■ GIVEN RECORDS
┄┄┄┄┄┄
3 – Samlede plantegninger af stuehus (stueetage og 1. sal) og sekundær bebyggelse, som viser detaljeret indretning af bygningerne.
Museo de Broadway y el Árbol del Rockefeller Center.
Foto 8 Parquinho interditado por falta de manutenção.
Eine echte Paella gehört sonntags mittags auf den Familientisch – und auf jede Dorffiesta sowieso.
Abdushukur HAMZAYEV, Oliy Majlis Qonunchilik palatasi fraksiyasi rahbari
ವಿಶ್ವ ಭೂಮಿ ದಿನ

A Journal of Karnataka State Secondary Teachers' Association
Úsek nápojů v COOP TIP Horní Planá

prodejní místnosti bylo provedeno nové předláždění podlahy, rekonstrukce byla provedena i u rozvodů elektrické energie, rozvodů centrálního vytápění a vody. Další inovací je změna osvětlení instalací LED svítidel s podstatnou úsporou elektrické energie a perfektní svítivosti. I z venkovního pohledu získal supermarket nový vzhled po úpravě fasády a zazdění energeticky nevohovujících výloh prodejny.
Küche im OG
┄┄┄┄┄┄
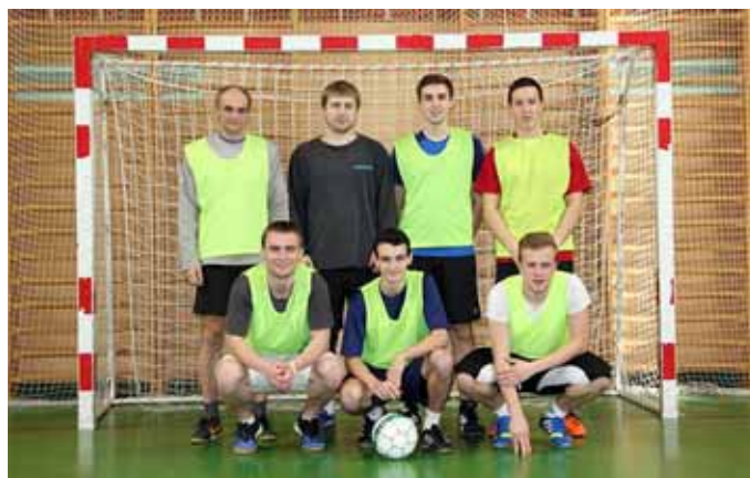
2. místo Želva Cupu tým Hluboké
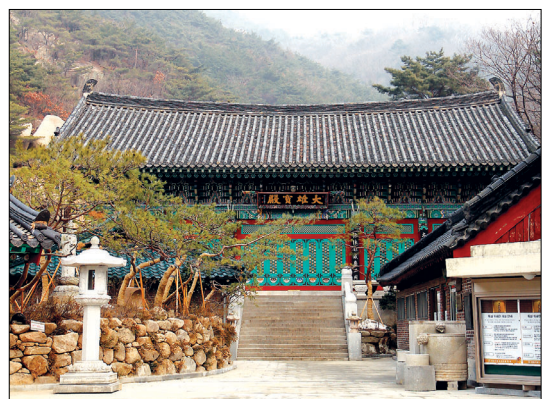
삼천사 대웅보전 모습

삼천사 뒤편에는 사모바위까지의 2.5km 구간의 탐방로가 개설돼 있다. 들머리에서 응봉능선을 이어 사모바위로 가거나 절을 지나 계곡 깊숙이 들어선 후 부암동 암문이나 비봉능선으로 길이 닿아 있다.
┄┄┄┄┄┄
■ WHAT THE TASK REQUIRES
Copy out only the lines above from the one with "3 – Samlede" to the one with "Küche im OG", inclusive, exactly as they stand.

■ REPLY TO THE EXERCISE
3 – Samlede plantegninger af stuehus (stueetage og 1. sal) og sekundær bebyggelse, som viser detaljeret indretning af bygningerne.
Museo de Broadway y el Árbol del Rockefeller Center.
Foto 8 Parquinho interditado por falta de manutenção.
Eine echte Paella gehört sonntags mittags auf den Familientisch – und auf jede Dorffiesta sowieso.
Abdushukur HAMZAYEV, Oliy Majlis Qonunchilik palatasi fraksiyasi rahbari
ವಿಶ್ವ ಭೂಮಿ ದಿನ

A Journal of Karnataka State Secondary Teachers' Association
Úsek nápojů v COOP TIP Horní Planá

prodejní místnosti bylo provedeno nové předláždění podlahy, rekonstrukce byla provedena i u rozvodů elektrické energie, rozvodů centrálního vytápění a vody. Další inovací je změna osvětlení instalací LED svítidel s podstatnou úsporou elektrické energie a perfektní svítivosti. I z venkovního pohledu získal supermarket nový vzhled po úpravě fasády a zazdění energeticky nevohovujících výloh prodejny.
Küche im OG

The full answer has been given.